Assuming the paths in the config files are set correctly, mbii is in the PYTHONPATH and there are no dependencies missing one should be able to do the following.
This step entails reading in the SubFind particle positions in each halo, working out the inertia tensors and saving the flattened results as columns in a FITS file.
python -m mbii.pipeline.calculate_shapes --config config/fiducial_cat.yaml
This step involves various matching, calculation of derived quantities and application of user-specified cuts.
python -m mbii.pipeline.construct_catalogue --config config/fiducial_cat.yaml
Beware - this step is very slow!
This is is only useful for specific applications. Spin satellite galaxies about the halo centres, maintaining the relative orientation to those centres. Should leave the central objects unchanged.
Output/input files specified in the symmetrisation
section of the config file.
python -m mbii.pipeline.symmetrise --config config/fiducial_cat.yaml
Reads in a galaxy catalogue in the format produced by step 2. Outputs the result as text files.
python -m mbii.pipeline.calculate_2pt --config config/fiducial_cat.yaml
random_seed : fixed random seed to ensure consistent output on multiple runs, integer
root_folder : Location of the SubFind particle data, on Coma it should be '/physics/yfeng1/mb2'
catalogues:
snapshot : which redshift snaptshot to use. 85 is the lowest z~0.
shapes_method : method used to compute galaxy shapes, allowed: inertia_tensor, reduced_inertia_tensor, spin
postprocessed : FITS file in which to store the output of step 2 above.
shapes_dir : Directory to which to write the output of step 1 above. Also tells the code where to look for the inputs to step 2.
cuts : column names, lower then upper bounds
halo_matching :
symmetrisation:
catalogue : Input unsymmetrised catalogue. Should be the path to a FITS file of the format ouput by step 2 above.
output : Path to a FITS file to which we want to write the symmetrised catalogue.
pivot_type : Whether to rotate about the centre of mass or the centre-most galaxy, allowed : mass, galaxy
central_type : Flag used to define the central galaxy, allowed: spatial_central, most_massive
errors :
nsub : number of jackknife volumes to use to calculate errorbars.
2pt:
ctypes : whitespace separated list of two point correlations to calculate.

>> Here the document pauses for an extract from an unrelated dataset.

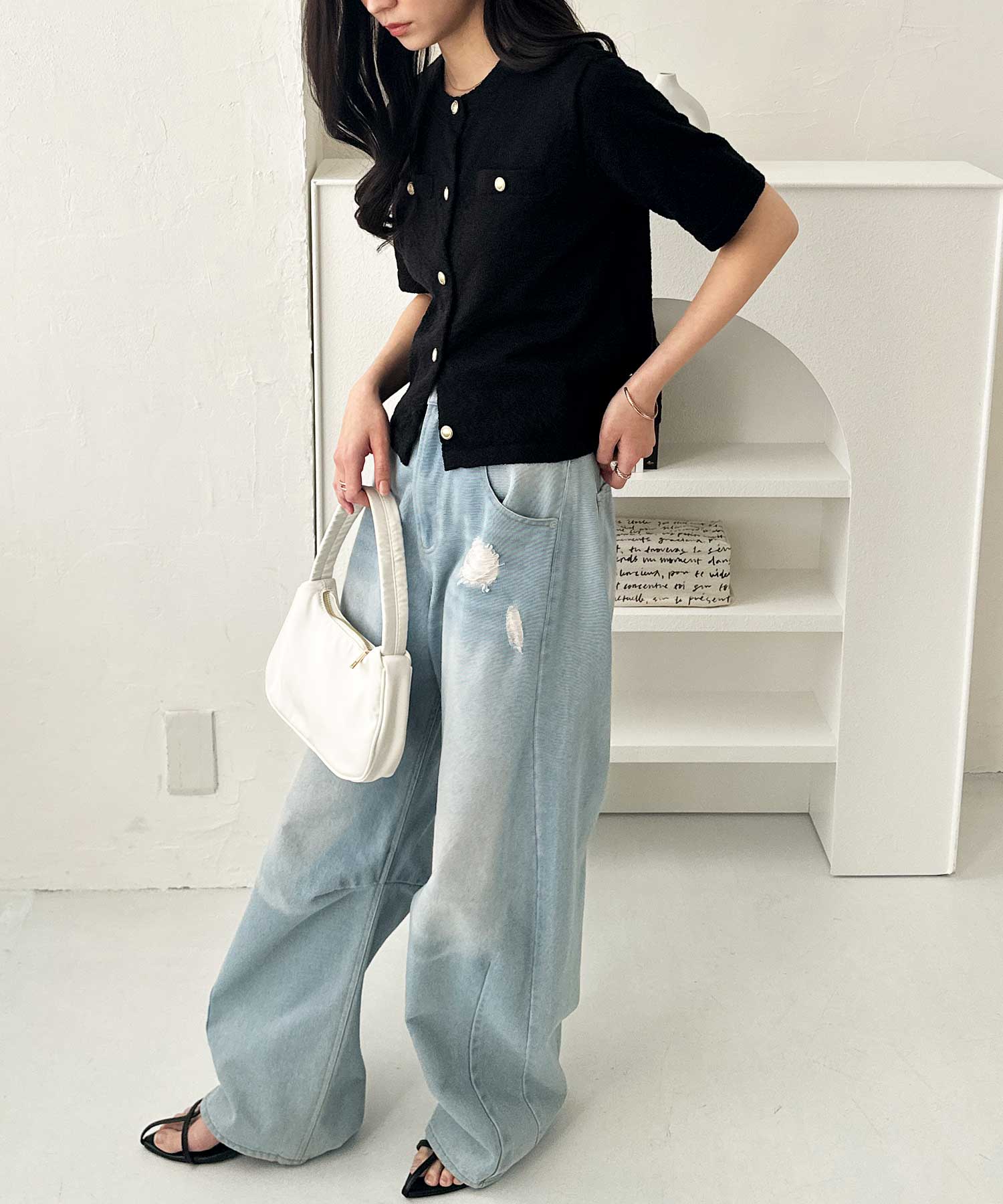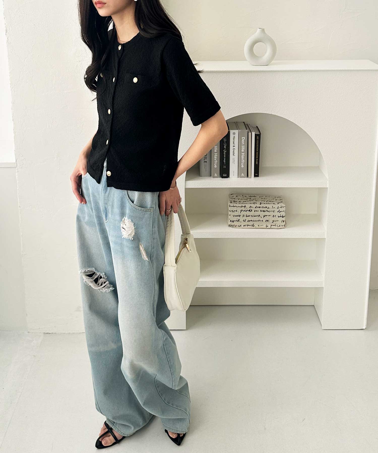 キレイめボトムだけでなく、デニムなどのカジュアルボトムとも合わせやすい!

See Mandelbaum et al 2010 (https://arxiv.org/pdf/0911.5347.pdf)
and Joachimi et al 2010 (https://arxiv.org/pdf/1008.3491.pdf)
Allowed:
ed : orientation - separation vector 3D correlation
ee : orientation - orientation 3D correlation
gg : position - position 3D correlation
iiplus_3d : eq 10a of MB10
iiminus_3d : eq 10b of MB10
giplus_3d : eq 8 of MB10
giminus_3d :
iiplus_proj :
iiminus_proj :
giplus_proj : eq 12 of J10
giminus_proj :
errors : Whether or not to calculate jackknife errorbars, bool
shapes : location of the input shape/position catalogue
savedir : place to save the output text files
split : quantity by which to split the catalogue before calculation (for example, for central/satellite separation).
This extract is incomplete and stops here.